— Вот и Маклинтик похвалил бы этих тварей, — сказала миссис Маклинтик не без горечи.
Рядом остановилось такси, высадило пассажиров. Мы сели в него. Морланд дал адрес квартиры, где жил прежде с Матильдой.
— Я пришел к выводу, что нет для женщин ничего ненавистней в мужчине, чем бескорыстие, — сказал он.
Замечание не имело прямого отношения к предыдущему разговору: очевидно, это был просто итог длинной цепи умозаключений Морланда.
— Нечасто приходится женщинам сталкиваться с бескорыстием, — возразила миссис Маклинтик. — Я вот за сорок лет ни разу не столкнулась, но, возможно, мне повезло.
— Праведных средневековых королей страшно, должно быть, ненавидели их жены, — сказал Морланд. — Но, как ты верно заметила, Одри, тема эта теперь неактуальна.
Такси уже доставило нас и ушло, и Морланд отмыкал ключом парадную дверь дома, когда раздалась сирена воздушной тревоги.
— Как раз домой успели, — сказал Морланд. — Вот это тревога настоящая, не то что та, почудившаяся в ресторане. Теперь звучание доподлинное. Как у нас шторы затемнения, задернуты? Я уходил последним, а я всегда такие вещи забываю.
— Если Макс пришел, то задернул, — сказала миссис Маклинтик.
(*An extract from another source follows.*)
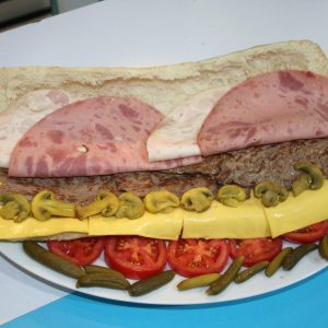150 گرم سوسیس بندری- قارچ -کاهو- گوجه-خیارشور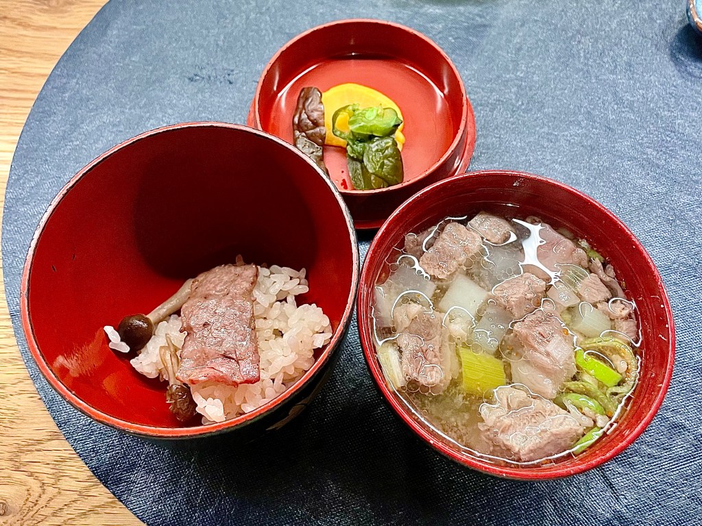 After a palate cleanser of yuzu shiso lemon granita, we were served the highlight of the night. I had eaten some really outstanding wagyu beef dishes in my wife, but what Kappo brought in its steak dish was truly remarkable. The texture of the wagyu, which came with carrot and zucchini on the side, was just heavenly, melting in my mouth from impeccable marbling with no tough parts anywhere! My only regret is that the portion came a little smaller with around half a dozen cubes of the steak, which made each bite that much more precious. The last savory course was a soulful combination of rice dish and miso soup; I was particularly fond of the rich flavor from the soup with generous amount of beef inside. For dessert, we had red miso-caramel panna cotta and judging from how quickly Jun was eating it, it marked a delightful end to our meal.

Мы поднялись по лестнице, одолев порядочное число ступенек — Морланд живет на верхнем этаже.
— Надеюсь, что Макс уже дома, — сказала миссис Маклинтик. — Беспокоюсь я всегда, как бы его не застигла где-нибудь тревога. Проведет ночь в убежище и захворает. Он все хочет испытать, как ночуют в метро, а я ему категорически запрещаю.
Если один ребенок у нее — Морланд, то второй, очевидно, Макс Пилгрим. Она вошла в квартиру, за ней и мы. Прежде чем включить свет, Морланд удостоверился, что все окна затемнены. В электрическом свете квартира предстала все той же, прежней, и по виду и по обстановке, — только неопрятнее, чем при Матильде.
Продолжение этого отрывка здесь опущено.